**ABOUT THIS EXERCISE**
Could you reproduce, from the records below, everything from the line with "Effortlessly sophisticated, the" down to the line with "BONNET QUEEN Satin", keeping both of those lines and changing nothing?

**DATA TO USE**
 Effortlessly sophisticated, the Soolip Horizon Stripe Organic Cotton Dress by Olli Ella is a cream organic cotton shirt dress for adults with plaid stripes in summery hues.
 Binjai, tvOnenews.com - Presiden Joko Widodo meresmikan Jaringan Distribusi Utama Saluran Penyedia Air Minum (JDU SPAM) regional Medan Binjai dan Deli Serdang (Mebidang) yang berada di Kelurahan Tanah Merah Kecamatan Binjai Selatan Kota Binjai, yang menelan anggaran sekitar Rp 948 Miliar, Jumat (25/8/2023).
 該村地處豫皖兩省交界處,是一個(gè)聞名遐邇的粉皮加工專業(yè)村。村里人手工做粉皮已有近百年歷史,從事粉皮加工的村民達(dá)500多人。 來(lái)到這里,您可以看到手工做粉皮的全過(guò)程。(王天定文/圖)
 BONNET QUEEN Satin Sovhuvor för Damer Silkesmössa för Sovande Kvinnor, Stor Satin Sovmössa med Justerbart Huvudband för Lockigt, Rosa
* * *
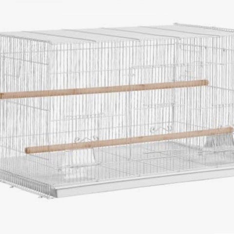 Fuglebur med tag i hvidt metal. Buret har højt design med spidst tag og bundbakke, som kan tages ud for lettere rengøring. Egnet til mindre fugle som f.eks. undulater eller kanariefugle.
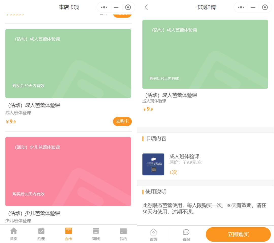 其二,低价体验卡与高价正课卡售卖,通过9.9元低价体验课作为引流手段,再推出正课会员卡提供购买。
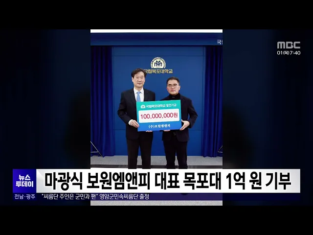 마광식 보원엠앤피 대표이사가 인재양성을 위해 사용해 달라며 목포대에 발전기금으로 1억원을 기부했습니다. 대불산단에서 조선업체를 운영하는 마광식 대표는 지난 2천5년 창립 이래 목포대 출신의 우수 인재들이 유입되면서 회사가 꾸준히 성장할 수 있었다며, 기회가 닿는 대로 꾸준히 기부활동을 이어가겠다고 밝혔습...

**RESPONSE BOX**
 Effortlessly sophisticated, the Soolip Horizon Stripe Organic Cotton Dress by Olli Ella is a cream organic cotton shirt dress for adults with plaid stripes in summery hues.
 Binjai, tvOnenews.com - Presiden Joko Widodo meresmikan Jaringan Distribusi Utama Saluran Penyedia Air Minum (JDU SPAM) regional Medan Binjai dan Deli Serdang (Mebidang) yang berada di Kelurahan Tanah Merah Kecamatan Binjai Selatan Kota Binjai, yang menelan anggaran sekitar Rp 948 Miliar, Jumat (25/8/2023).
 該村地處豫皖兩省交界處,是一個(gè)聞名遐邇的粉皮加工專業(yè)村。村里人手工做粉皮已有近百年歷史,從事粉皮加工的村民達(dá)500多人。 來(lái)到這里,您可以看到手工做粉皮的全過(guò)程。(王天定文/圖)
 BONNET QUEEN Satin Sovhuvor för Damer Silkesmössa för Sovande Kvinnor, Stor Satin Sovmössa med Justerbart Huvudband för Lockigt, Rosa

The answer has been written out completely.